Segment Start: AVAILABLE DATA
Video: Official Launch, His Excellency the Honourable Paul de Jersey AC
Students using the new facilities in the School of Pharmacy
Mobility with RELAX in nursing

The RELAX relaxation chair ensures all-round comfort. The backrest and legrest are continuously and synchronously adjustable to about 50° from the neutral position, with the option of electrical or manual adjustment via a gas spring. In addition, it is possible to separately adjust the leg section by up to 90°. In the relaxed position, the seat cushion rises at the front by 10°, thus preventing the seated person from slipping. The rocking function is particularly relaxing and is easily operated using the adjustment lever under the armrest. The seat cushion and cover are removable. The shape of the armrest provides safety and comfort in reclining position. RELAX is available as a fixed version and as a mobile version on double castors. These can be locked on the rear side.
Segment End: AVAILABLE DATA
Segment Start: AVAILABLE DATA
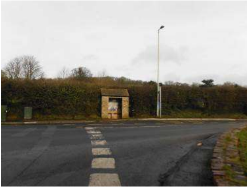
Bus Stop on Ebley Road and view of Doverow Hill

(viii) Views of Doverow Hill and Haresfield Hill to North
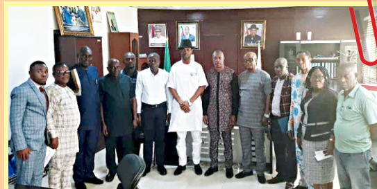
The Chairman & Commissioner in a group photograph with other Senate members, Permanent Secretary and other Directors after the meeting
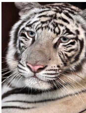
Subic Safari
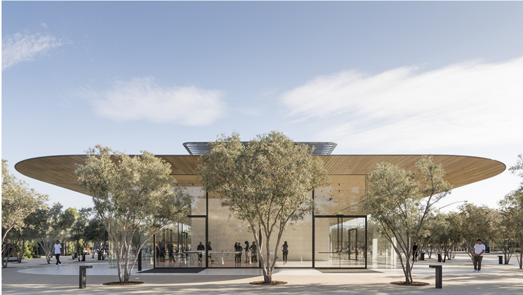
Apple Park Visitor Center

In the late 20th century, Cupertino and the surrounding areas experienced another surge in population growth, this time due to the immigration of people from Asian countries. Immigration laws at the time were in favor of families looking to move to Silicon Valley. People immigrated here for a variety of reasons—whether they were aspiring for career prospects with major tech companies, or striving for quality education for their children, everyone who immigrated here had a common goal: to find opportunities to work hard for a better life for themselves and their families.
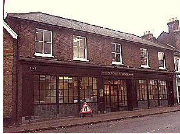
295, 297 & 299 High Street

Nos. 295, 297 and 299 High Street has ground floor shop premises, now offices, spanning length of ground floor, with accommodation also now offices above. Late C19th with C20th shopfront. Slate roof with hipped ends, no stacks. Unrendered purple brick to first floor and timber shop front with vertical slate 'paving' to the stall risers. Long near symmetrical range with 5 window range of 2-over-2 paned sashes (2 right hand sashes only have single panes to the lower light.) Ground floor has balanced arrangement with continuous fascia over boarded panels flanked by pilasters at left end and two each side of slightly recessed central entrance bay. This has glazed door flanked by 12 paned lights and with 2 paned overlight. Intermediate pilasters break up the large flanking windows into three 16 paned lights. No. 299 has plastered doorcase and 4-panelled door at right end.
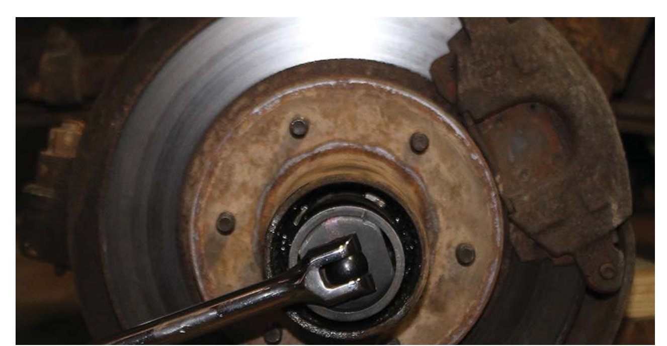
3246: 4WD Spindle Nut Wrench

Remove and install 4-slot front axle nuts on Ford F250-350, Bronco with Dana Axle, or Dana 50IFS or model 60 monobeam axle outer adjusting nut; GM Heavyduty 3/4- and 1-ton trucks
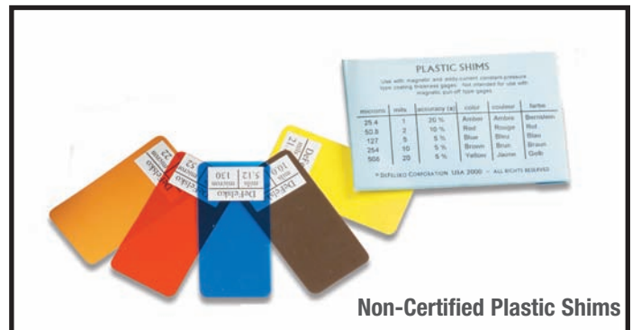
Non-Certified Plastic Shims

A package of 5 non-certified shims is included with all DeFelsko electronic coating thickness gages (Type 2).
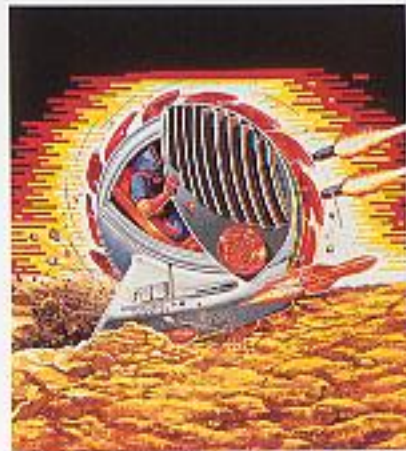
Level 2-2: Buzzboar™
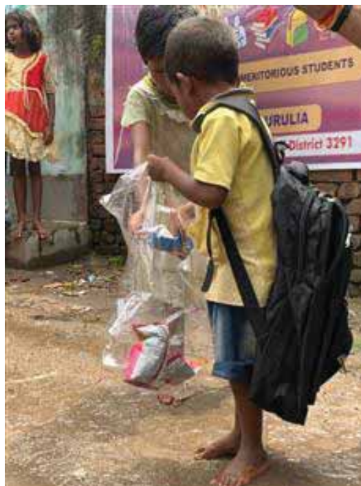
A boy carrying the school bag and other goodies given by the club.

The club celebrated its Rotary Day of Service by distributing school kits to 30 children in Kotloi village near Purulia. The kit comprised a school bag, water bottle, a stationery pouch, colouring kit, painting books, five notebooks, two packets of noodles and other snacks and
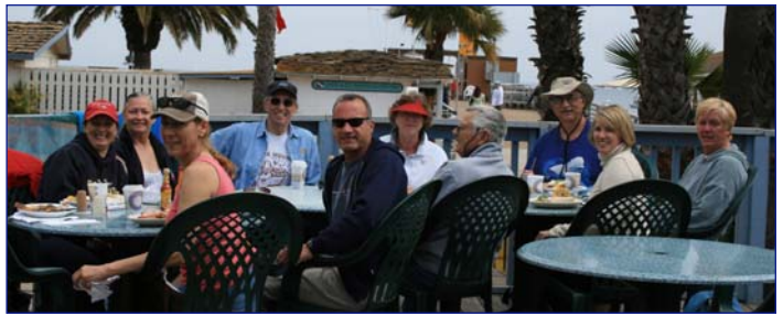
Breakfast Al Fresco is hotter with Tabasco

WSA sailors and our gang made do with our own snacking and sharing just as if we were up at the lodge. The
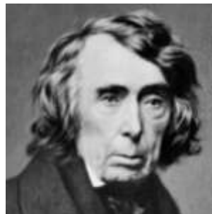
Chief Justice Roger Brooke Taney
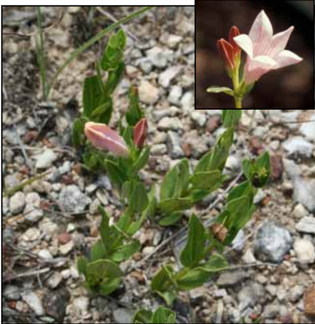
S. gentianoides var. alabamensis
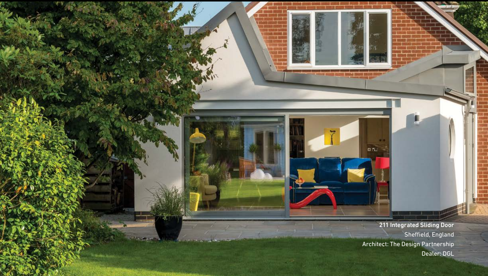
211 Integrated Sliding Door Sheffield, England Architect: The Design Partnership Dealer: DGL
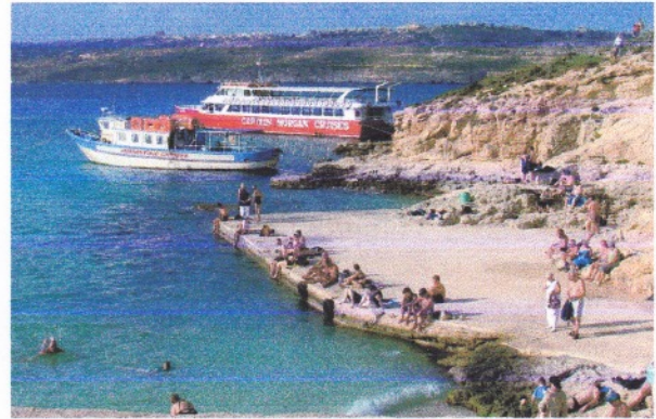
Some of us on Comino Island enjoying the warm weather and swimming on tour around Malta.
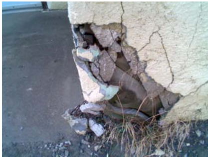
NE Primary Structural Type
Segment End: AVAILABLE DATA
TASK DETAILS: Whenever a line includes the word "Type", pull it out of the entries.

SOLUTION TO THE EXERCISE:
A package of 5 non-certified shims is included with all DeFelsko electronic coating thickness gages (Type 2).
NE Primary Structural Type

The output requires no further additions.